Keep the pictures out while you transcribe the listing below exactly.

• Data shown:
....

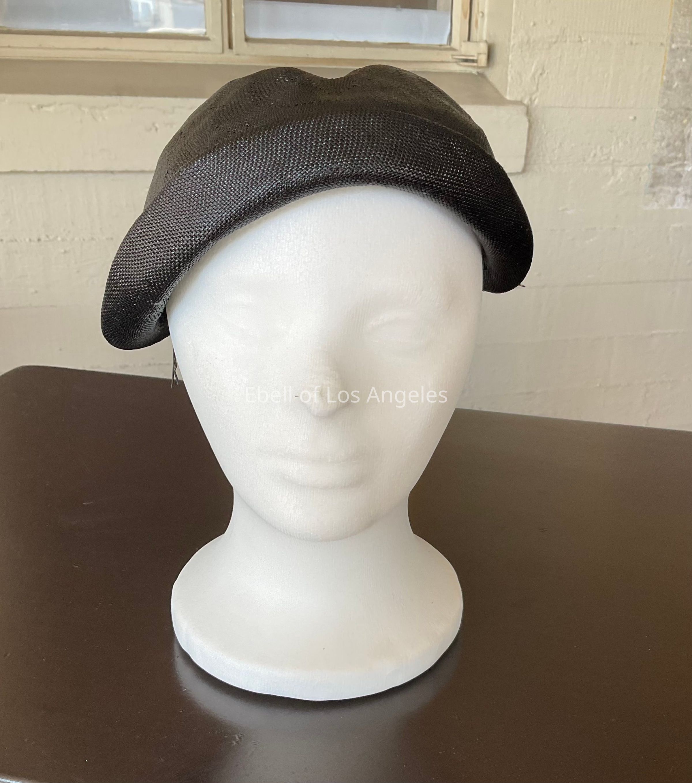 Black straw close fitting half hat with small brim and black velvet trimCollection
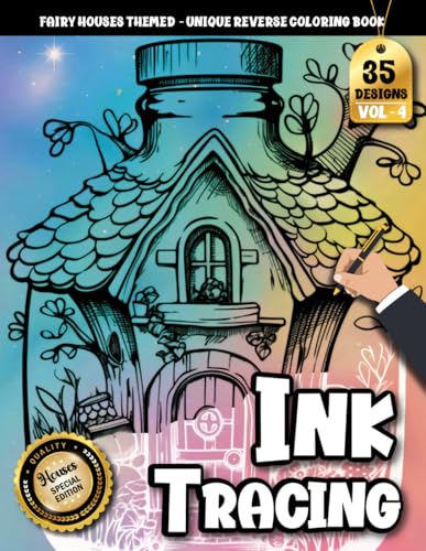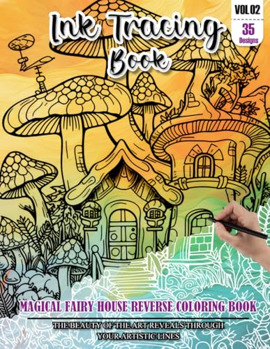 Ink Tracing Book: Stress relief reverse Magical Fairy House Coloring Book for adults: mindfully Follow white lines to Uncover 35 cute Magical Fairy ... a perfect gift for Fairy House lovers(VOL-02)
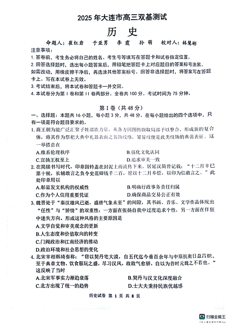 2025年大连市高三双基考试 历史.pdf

....

• Written response:
 Black straw close fitting half hat with small brim and black velvet trimCollection
 Ink Tracing Book: Stress relief reverse Magical Fairy House Coloring Book for adults: mindfully Follow white lines to Uncover 35 cute Magical Fairy ... a perfect gift for Fairy House lovers(VOL-02)
 2025年大连市高三双基考试 历史.pdf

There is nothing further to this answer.